I've probably mentioned before on this forum that some years ago my oldest son 
expressed an interest in learning mainframe skills, probably having heard me 
talk about the job security it involves since so few people are being trained 
for it by the colleges.  I started asking around about places I could rent 
space on a mainframe (and how much would it cost me), setting up two IDs so I 
could teach my son the basics.

The questions must have gotten around, because within a couple weeks someone 
from IBM phoned me and said that if I could talk my local university into 
starting a few mainframe classes, the university would have to rent space from 
a data center and IBM would ~give~ me two accounts on it for training my son.  
I called the one I knew best -- heck, I could teach one or three of the classes 
myself -- but couldn't interest them.

Actually, when I said the colleges might be "winning the war" I didn't mean 
that mainframes are going away, but that the colleges' steadfast refusal to see 
the value of training mainframe skills is causing the pool of talent to 
diminish to the extent (maybe) that that dearth is forcing employers to look at 
other platforms.  But, as I added, that probably can't go on very far; I'd 
expect a rebound at some point.

---
Bob Bridges, [email protected], cell 336 382-7313

/* Teaching a child not to step on a caterpillar is as valuable to the child as 
it is to the caterpillar.  -Bradley Miller */

-----Original Message-----
From: IBM Mainframe Discussion List <[email protected]> On Behalf Of 
David Crayford
Sent: Wednesday, January 5, 2022 04:20

I don't think the universities have got anything against the mainframe. 
They don't have access to them. IBM should make mainframe emulators freely 
available to all universities. Some of our best young guys have degrees in 
engineering,  not CS. It takes a long time to train new hires on the mainframe. 
For example, JCL is arcane and generally despised by kids who have grown up 
coding shell scripts. As you mentioned CICS it's worth noting that CICS 
supports both Spring Boot and Node.js. They set the standard for modernization. 
The open beta has a new has a new YAML file for resource definitions that comes 
with a JSON schema so you can get context assist in editors and validation in 
the DevOps pipeline. The CICS guys innovate and modernize. I salute them.
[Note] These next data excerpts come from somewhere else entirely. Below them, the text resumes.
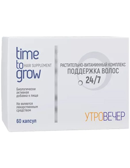 The Time to Grow "24/7 Hair Support" complex was developed by dermatologists specializing in trichology and with many years of practice. The development took into account the main negative effects that most often affect hair in practice. This is a lack of basic macro and micronutrients (protein, vitamins, microelements), emotional stress, oxidative stress, sleep disorders, nutritional errors and functional digestive disorders, the effect of dihydrotestosterone on hair, impaired microcirculation and cell respiration, inflammatory processes. The product is designed for multifactorial complex support and is aimed at improving the quality of everyday life, because the condition of the hair is a reflection of the general condition of the body. Contains physiological, but fairly high doses of ingredients working in synergy, which allows you to get away from high doses and avoid polypharmacy (prescribing a large number of different dietary supplements). The complex is designed to affect a very common condition of "pre-disease", when the functional state of the body is impaired for a long time (lack of energy, anxiety, difficulty falling asleep, swelling, digestive complaints), but the tests are normal and the disease has not been diagnosed. The body needs help, but drug therapy is not indicated, especially since many drugs have side effects (especially with long-term use) and should be used only as indicated. In case of long-term functional disorders, the complex is recommended for use for 3 months, with subsequent possible repeated doses throughout the year.
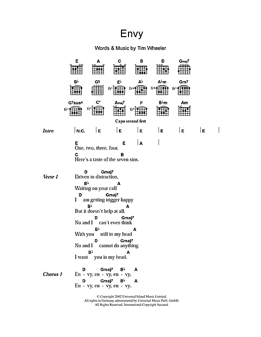 Download or print Ash Envy sheet music, chords and digital score arranged for Guitar Chords/Lyrics. This Rock score includes 3 page(s).
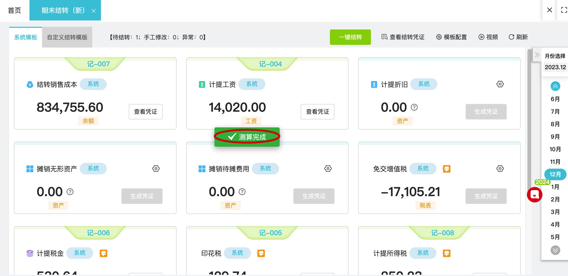 操作路徑:【結(jié)賬】-【期末結(jié)轉(zhuǎn)】-【一鍵結(jié)轉(zhuǎn)】
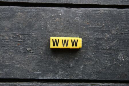 WWW - conceptual text on wooden cubes on a bright background and a black pot with a flower behind
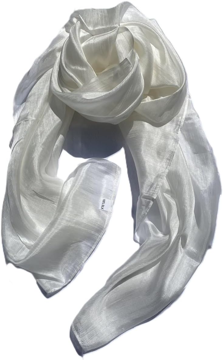 100% Pure White Silk Scarf, Organic Women's Lightweight Long Mulberry Shawl, Hypoallergenic Solid Thin White Wrap Handmade in Vietnam, Gift for Mom and Her.
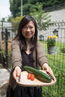 Minnie enjoys gardening in the back yard where she grows several tomato and cucumber plants. ere are also owers and herbs in her garden.
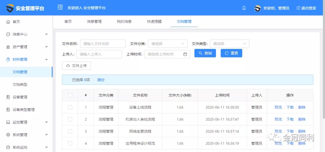 ②平台设计了灵活强大的文档管理模块,方便用户对安全制度文档、日常运维文档、安全政策文档等文档的管理。实现在线文档查看、搜索、下载等功能。
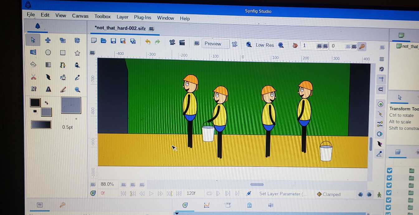 As for this animation, I’m redoing all the images from scratch, and using Synfig only for making all the parts. The hope is that Synfig won’t crash as much, which it still does,
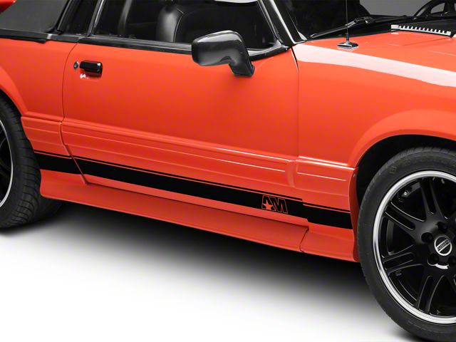 Application. These high quality SEC10 Black Rocker Stripes with AM Logo will fit any 1979 to 1993 Ford Mustang, including the LX, GT and SVT Cobra models.
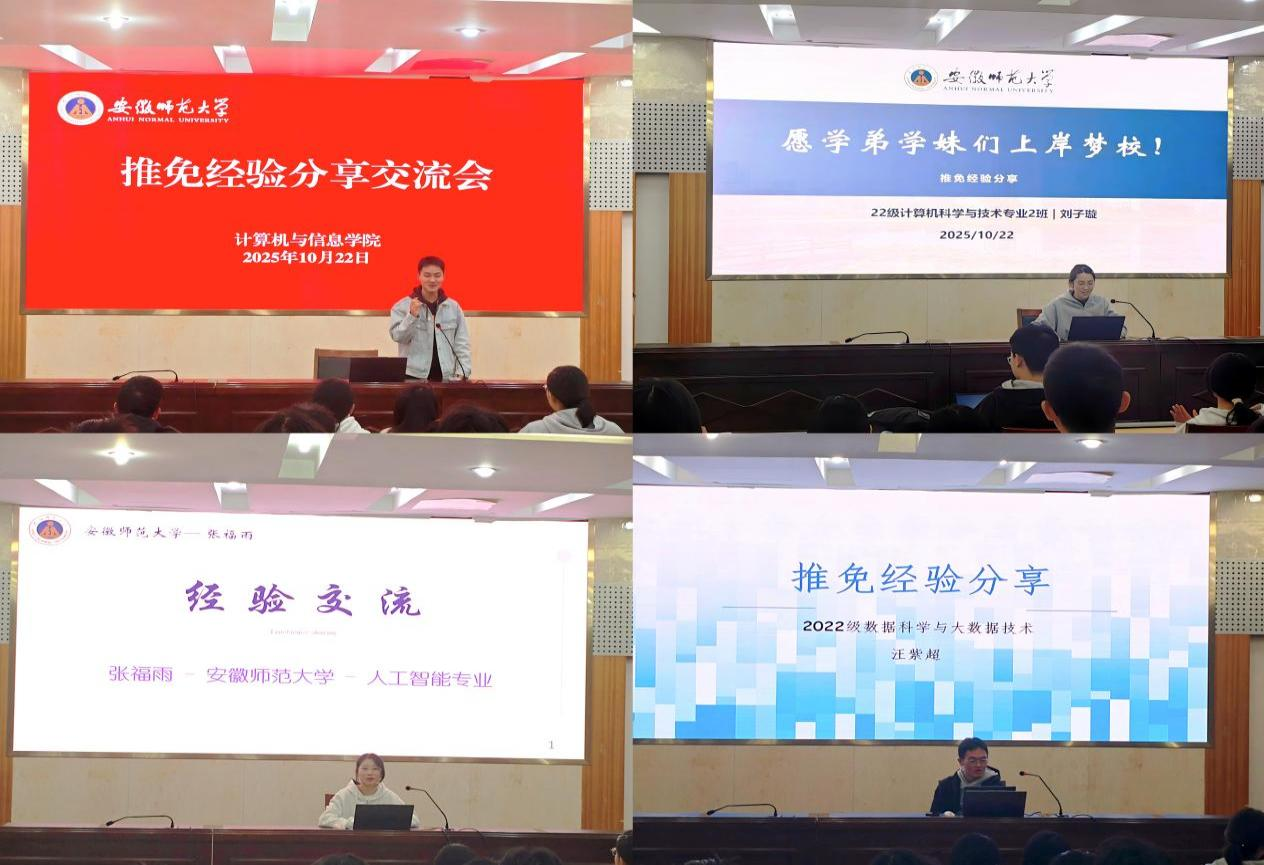 为帮助2023级同学深入了解推免政策、掌握面试技巧、明确个人发展规划,计算机与信息学院于10月22日晚在学苑北楼8号楼副二楼报告厅成功举办推免经验交流分享会。本次活动由2023级辅导员盛杰老师主持,特邀7位2022级优秀推免生代表参与分享,涵盖计算机科学与技术、人工智能、数据科学与大数据技术、软件工程、网络空间安全及物联网工程六个专业。活动采用线上线下相结合的方式,吸引了各专业有推免意向的同学踊跃参与。
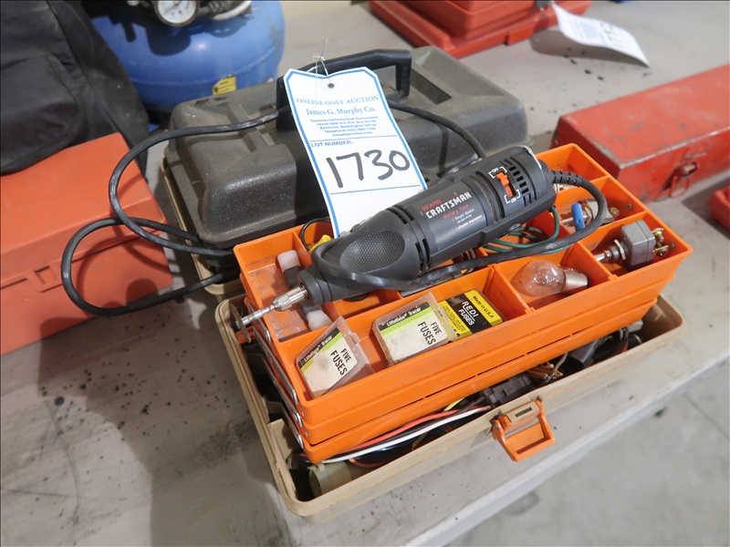 LOT, CRAFTSMAN ROTARY TOOL W/BITS & HARD CASE & (1) BOX OF MISC ELECTRICAL PARTS
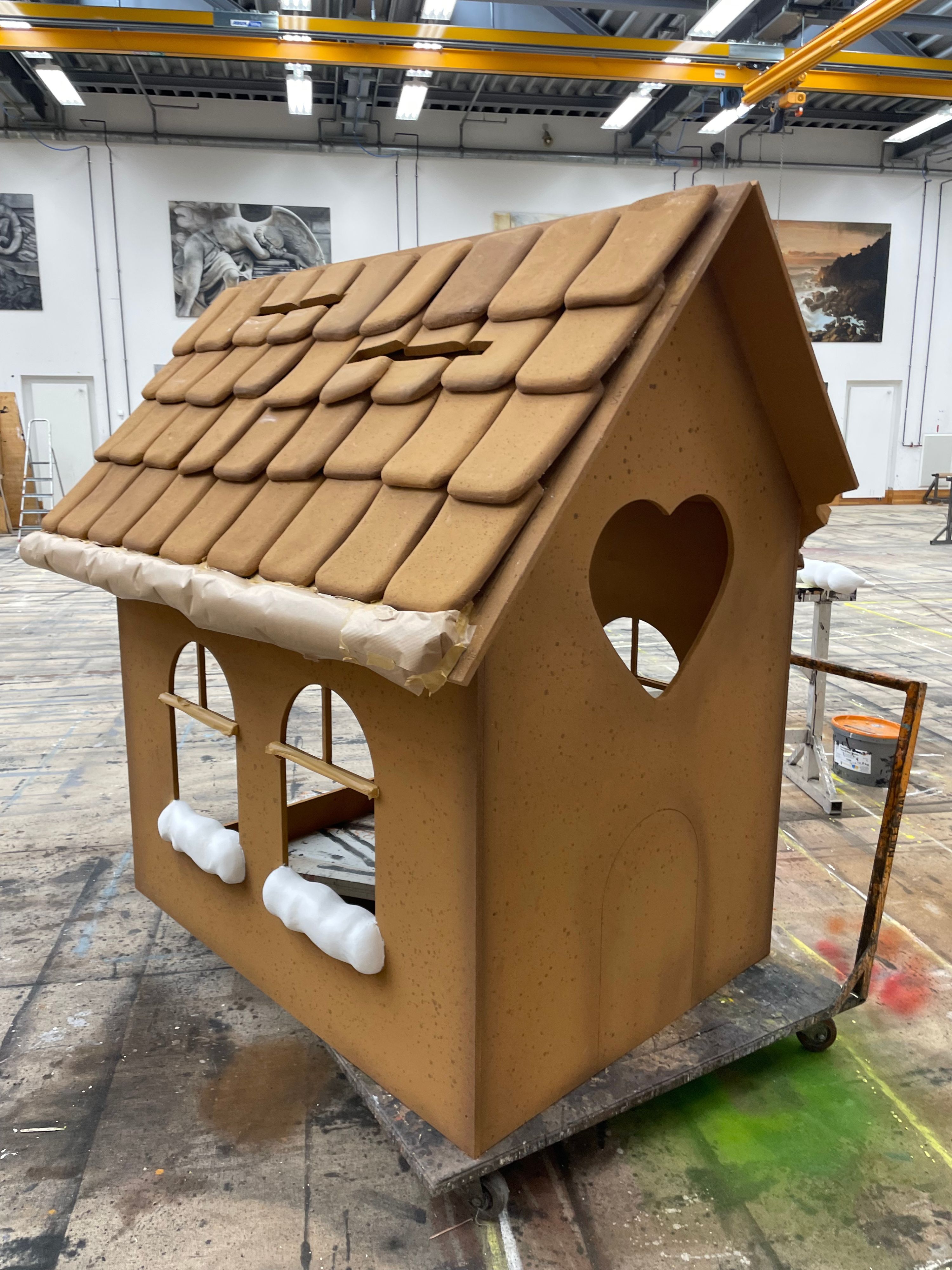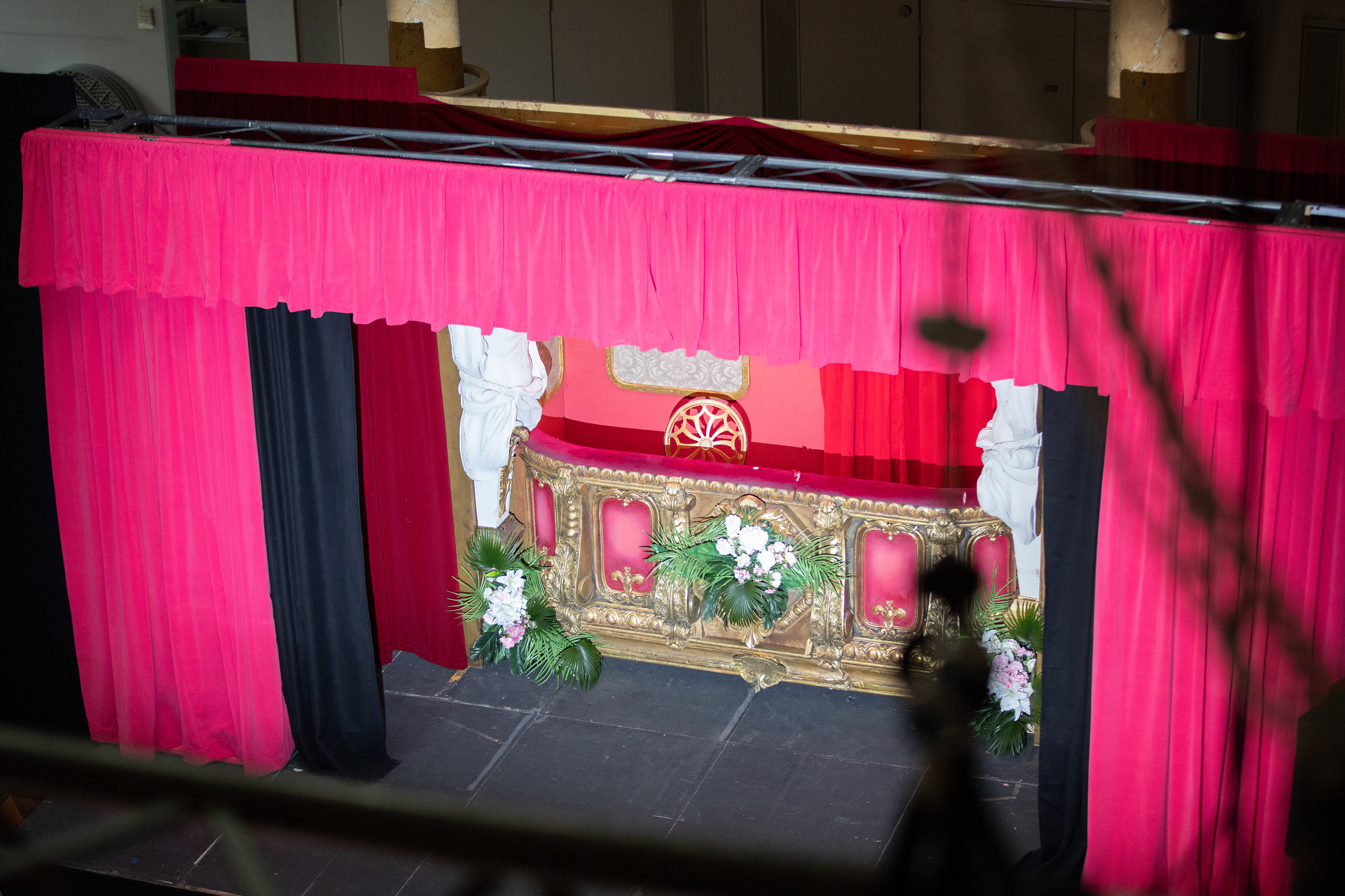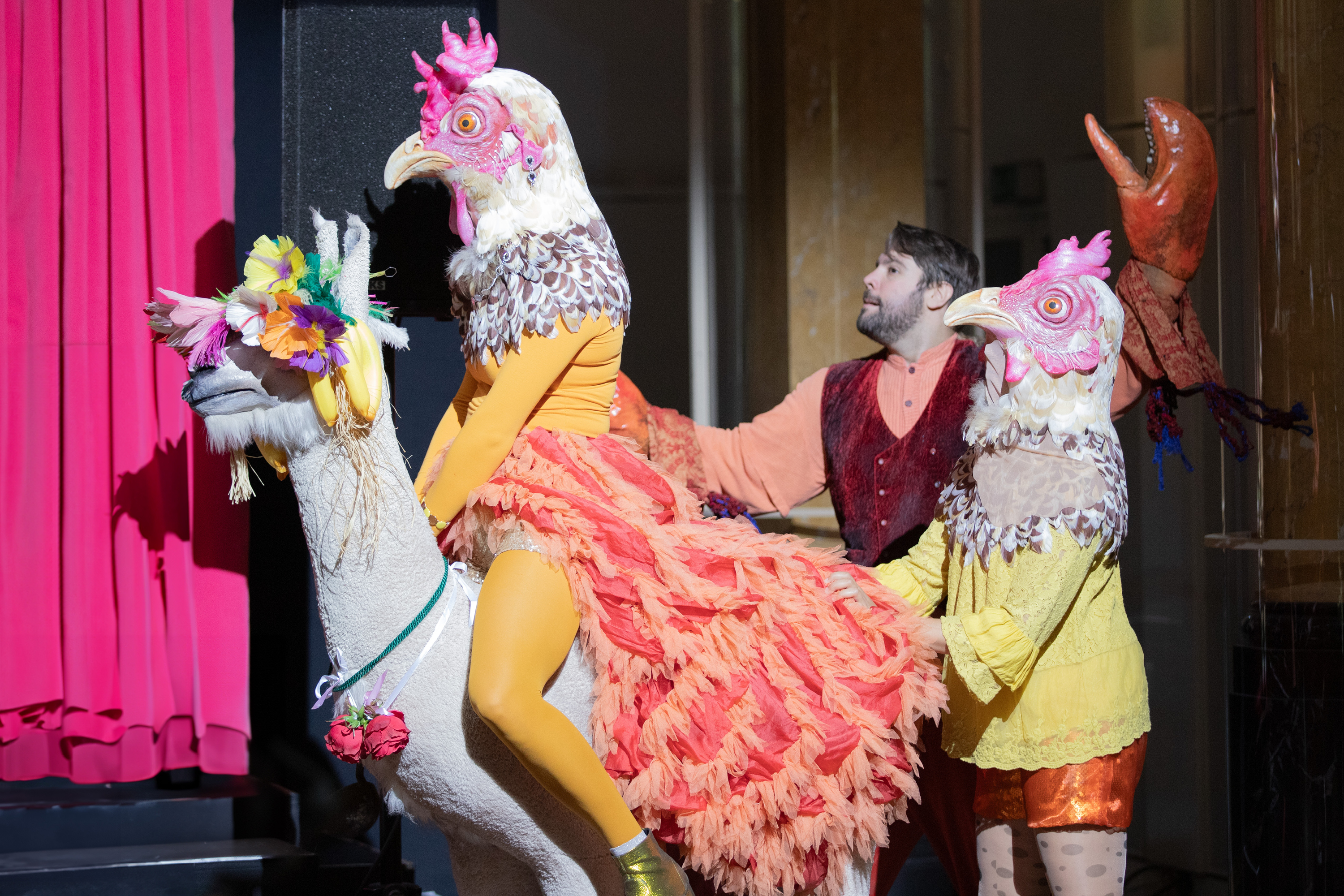 Wir haben uns vorgenommen, für unseren neuen Spielort NEUE KAISER, auch weiterhin möglichst nachhaltig zu arbeiten, weil Recycling Sinn macht, Ressourcen spart und wertschätzend ist. So haben wir in der OPER FÜR KINDERFlügel hoch, ich bin bewaffnet! viele Lieblingselemente aus früheren Produktionen wiedergesehen: Die Loge stammt aus La damnation de Faust (Regie: Harry Kupfer, Bühnenbild: Hans Schavernoch), die beiden Atlanten an den Logenseiten stammen aus dem I puritani-Bühnenbild (Inszenierung: Vincent Boussard, Bühnenbild: Johannes Leiacker). Diese Gruppe – Loge und Atlanten – kam bereits im Stream Der Karneval der Tiere zum Einsatz. Die Hühnerköpfe und die Fuchs-Maske hingegen sind ursprünglich für die Produktion Das schlaue Füchslein entstanden. Die Scheren des Hummers haben vor ein paar Jahren in der Martinů-Trilogie im Bockenheimer Depot mitgezwickt. Das Lama haben wir uns beim Schauspiel ausgeliehen, wo es im Dezember in Der Raub der Sabinerinnen mitwirken wird.

--- On 5/1/22 12:01 pm, Bob Bridges wrote:
> Hm.  If that's true of many shops (and it sounds plausible), maybe my sneers 
> at the colleges' ignorant comments are ill-founded and they may be starting 
> to win their war against the mainframe.  Of course, if their efforts have a 
> lot of effect then surely the need for CICS will reverse the trend...wouldn't 
> you think?
>
> -----Original Message-----
> From: David Crayford
> Sent: Tuesday, January 4, 2022 21:48
>
> It's true. The company I work for has been on-boarding millennials for years 
> now to replace the guys that are retiring. I work with some very smart young 
> guys, some of who write systems level code. None of them use REXX unless it's 
> used in a product they are working on. We're ripping and replacing decades 
> old build tools written in REXX with Python because it's become technical 
> debt and no one can support it.
>
> The typical millenial uses:
>
>    * An IDE such as VS Code, IntelliJ, Slickedit with plugins for
>      mainframe languages and to access the MVS file system.
>    * They don't use TSO or the ISPF editor so there is no need for REXX
>      edit macros etc. ISPF is mainly used for SDSF and submitting jobs.
>    * They work in a interactive shell and use UNIX utilties.
>    * Everything is stored in Git repositories.
>    * They code scripts in Python, Node.js or a JVM language.